Key products for AEP include custom films, stretch wrap, food contact film, can liners, and printed and converted film for food and beverage packaging. These are areas that all overlap with what Berry Plastics is already producing.
Because the two operations are so similar, Berry Plastics officials said they are confident the integration will go smoothly.
“There are strategic, tactical and economic reasons why we believe this is a very attractive transaction for Berry shareholders. There are compelling cost synergies that we are conservatively forecasting at $ 50 million per year,” Rich said.
“We view these synergies to be low risk, highly achievable and on the conservative side of the synergies we would typically achieve with our past acquisitions,” said Berry Chief Financial Officer Mark Miles.
AEP brings 2,600 employees to Berry Plastics in a deal that expected to close later this year. AEP had net sales of $ 1.1 billion during the four quarters ended in April with net profit of $ 39 million and adjusted earnings before interest, taxes, depreciation of amortization (EBITDA) of $ 103 million.
Berry ranked No. 8 on Plastics News’ most recent survey of North American film and sheet manufacturers, with estimated relevant sales of $ 980 million. AEP ranked No. 6.

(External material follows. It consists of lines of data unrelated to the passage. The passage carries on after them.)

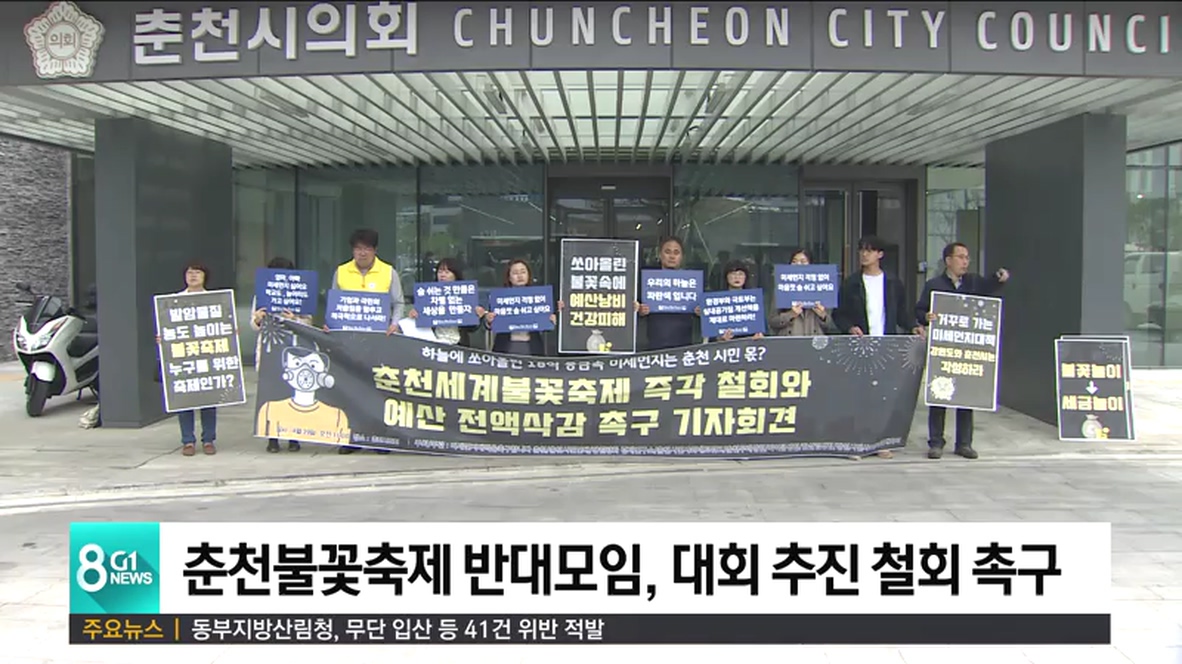 이들 단체는 지난 25일, 도의회 승인도 못 받고 예산 전액을 삭감 당한 14억원 규모의 춘천세계불꽃축제 예산이 기형적으로 춘천시의회 상임위를 통과했다며, 예결위와 본회의에서 관련 예산을 전액 삭감하고 춘천시는 대회 추진을 즉각 철회할 것을 주장했습니다.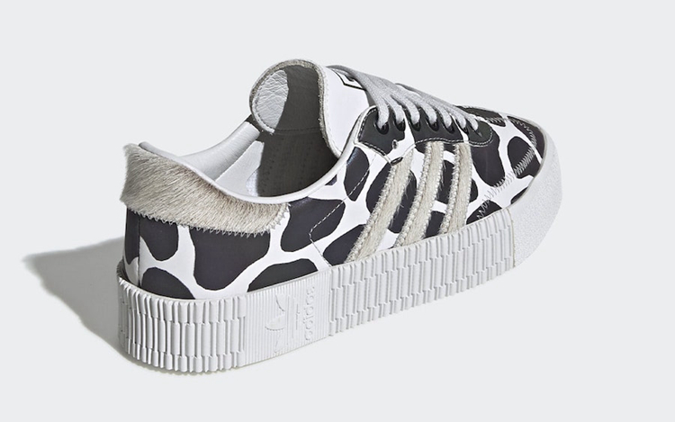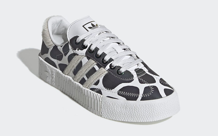 而 Sambarose 鞋型则以长颈鹿纹路注入鞋身,侧身标志性三线 Logo 以及后跟则以人造兽皮材质装饰。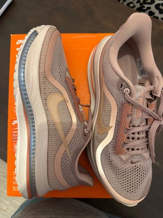 Zapatillas deportivas Nike Pegasus Premium en tonos rosados y dorados. - Diseño moderno y elegante. - Detalles en color oro. - Combinación de malla y materiales sintéticos.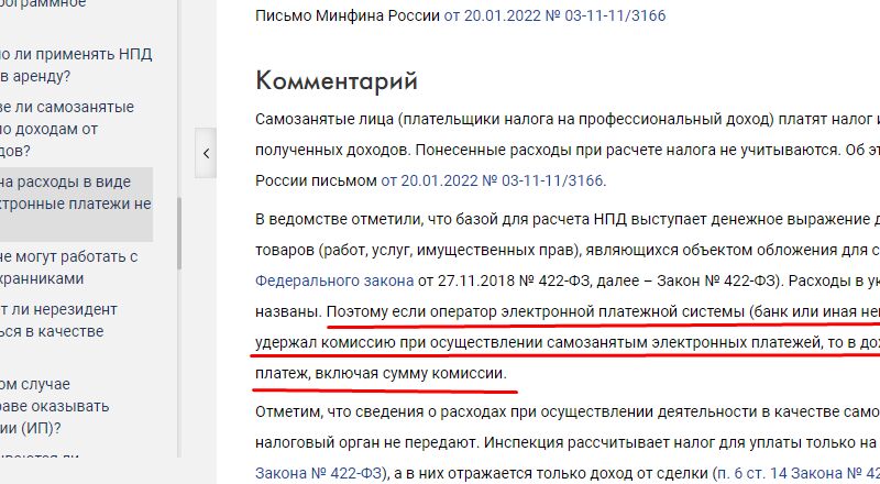Соответственно, при определении налоговой базы по НПД учитывается вся сумма полученного дохода. Расходы, понесенные самозанятым, учесть нельзя, Минфин.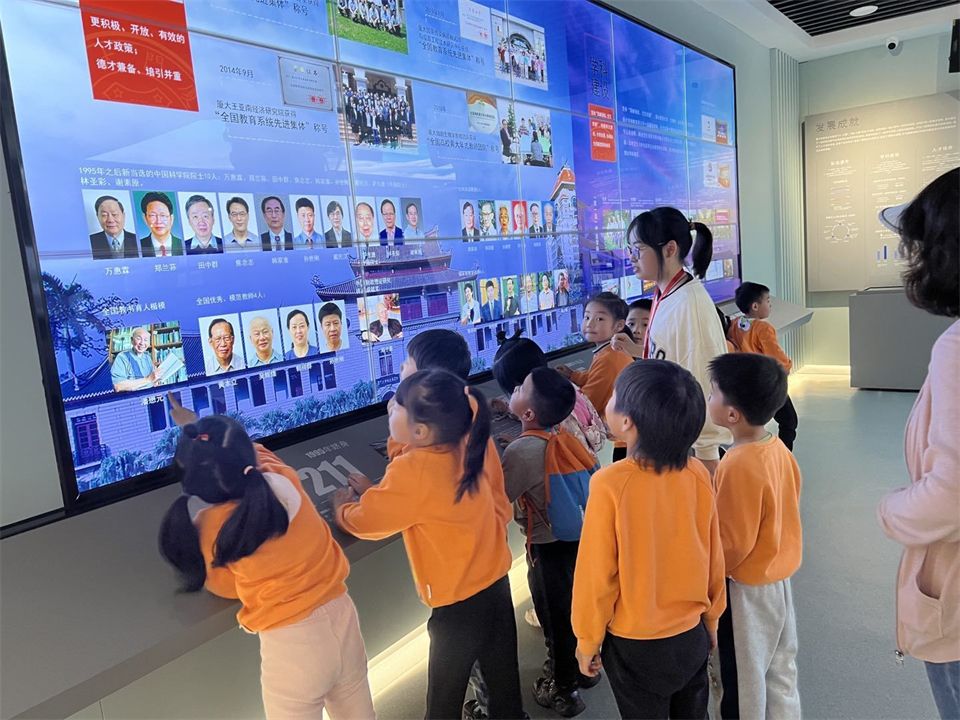 讲解员用通俗易懂的方式,结合校史馆大量珍贵的照片、历史文物和复原景观,让孩子们了解厦门大学建校历程。孩子们在一幅幅图片前驻足、观看,仿佛又将时光带到了那个烽烟四起,炮火轰隆的艰苦岁月。他们一边听着讲解员的讲解,一边发出阵阵惊叹声,用心去感受着厦大文化,了解嘉庚精神和历任校长。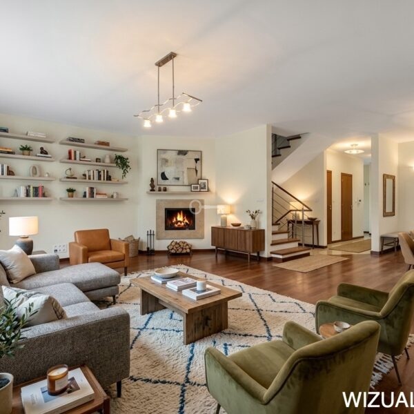 Rezerwat Las Kabacki znajduję się zaledwie 50 m od domu. Jest to idealne miejsce na aktywny wypoczynek. Jednocześnie dom jest oddalony zaledwie 15 minut od Centrum Warszawy. Z dobrym dostępem do ulicy Puławskiej jak również obwodnicy S2 i S8. Idealne miejsce dla osób chcących żyć wygodnie, w ciszy i w otoczeniu przyrody.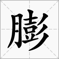 (形声。从肉(月),彭声。本义:胀大) 同本义。体积或长度增大 。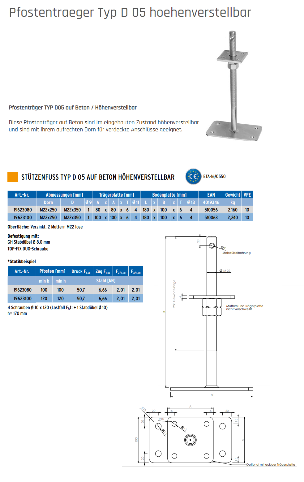 GH-Stützenfuss Typ D05 auf Beton höhenverstellbar, Typ D05 80x80 Stahl verzinkt M22x350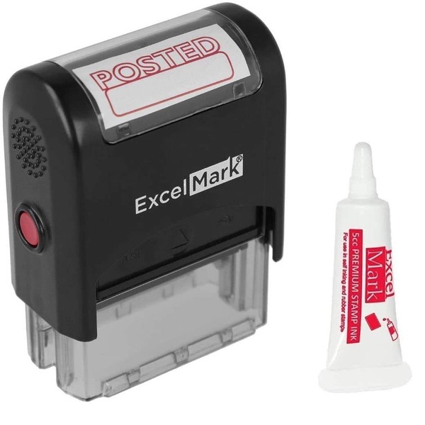 ExcelMark Posted Self Inking Rubber Stamp - Red Ink with 5cc Refill Ink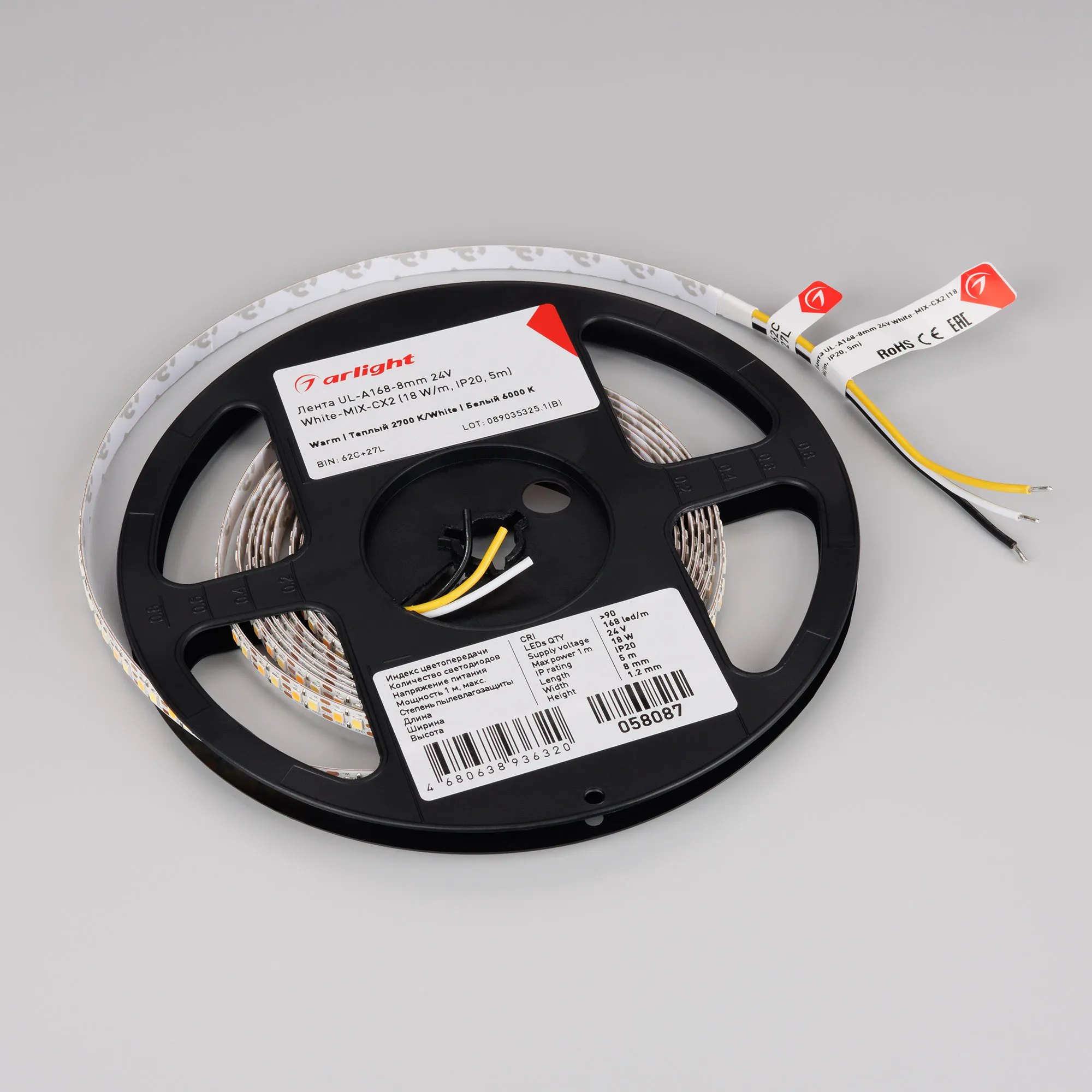 Светодиодная лента UL серии A168, шириной 8 мм, мощностью 18 Вт/м, с изменяемым цветом свечения (MIX) в диапазоне от белого (6000K) до теплого (2700K). Напряжение питания 24 В. Светодиоды SMD 2835, 168 шт/м. Высокий индекс цветопередачи CRI>90, обеспечивающий точное восприятие цветов при освещении любых жилых и коммерческих помещений. Минимальный отрезок 11.9 мм (2 светодиода). Двухканальная лента с тремя проводами для подключения, управляется MIX-контроллером. Применяется для создания биодинамического освещения, декоративной подсветки элементов интерьера, мебели. Обязательна установка на профиль.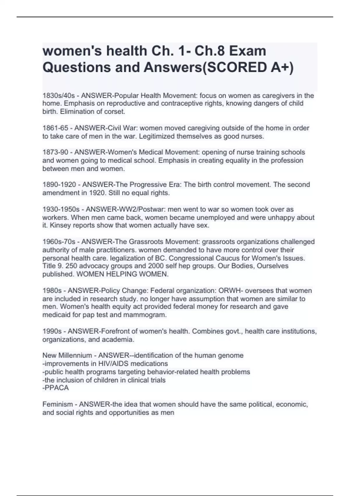 1861-65 - ANSWER-Civil War: women moved caregiving outside of the home in order to take care of men in the war. Legitimized themselves as good nurses. 1873-90 - ANSWER-Women's Medical Movement: opening of nurse training schools and women going to medical school. Emphasis in creating equality in the profession between men and women. - ANSWER-The Progressive Era: The birth control movement. The second amendment in 1920. Still no equal rights. s - ANSWER-WW2/Postwar: men went to war so women took over as workers. When men came back, women became unemployed and were unhappy about it. Kinsey reports show that women actually have sex. 1960s-70s - ANSWER-The Grassroots Movement: grassroots organizations challenged authority of male practitioners. women demanded to have more control over their personal health care. legalization of BC. Congressional Caucus for Women's Issues. Title 9. 250 advocacy groups and 2000 self hep groups. Our Bodies, Ourselves published. WOMEN HELPING WOMEN. 1980s - ANSWER-Policy Change: Federal organization: ORWH- oversees that women are included in research study. no longer have assumption that women are similar to men. Women's health equity act provided federal money for research and gave medicaid for pap test and mammogram. 1990s - ANSWER-Forefront of women's health. Combines govt., health care institutions, organizations, and academia. New Millennium - ANSWER--identification of the human genome -improvements in HIV/AIDS medications -public health programs targeting behavior-related health problems -the inclusion of children in clinical trials -PPACA Feminism - ANSWER-the idea that women should have the same political, economic, and social rights and opportunities as men

AEP dates back to 1970 and was founded by Brendan Barba, who currently is CEO of the company.
A research note from Senior Analyst Christopher Manuel at Wells Fargo called the acquisition “strategically sound.”
“We believe AEP is a clear strategic fit with [Berry Plastics] given its complementary product set in flexible packaging serving consumer, industrial and agricultural ends markets,” Manuel wrote.
Feeney said the combined company will be able to provide better service.
“We think we’re going to end up with a situation where our customers on an overall basis will be better served. We think this is good for the market,” he said. “We are anxious to complete this deal. We believe it to be in the best interest of AEP shareholders, our employees and certainly our customers.”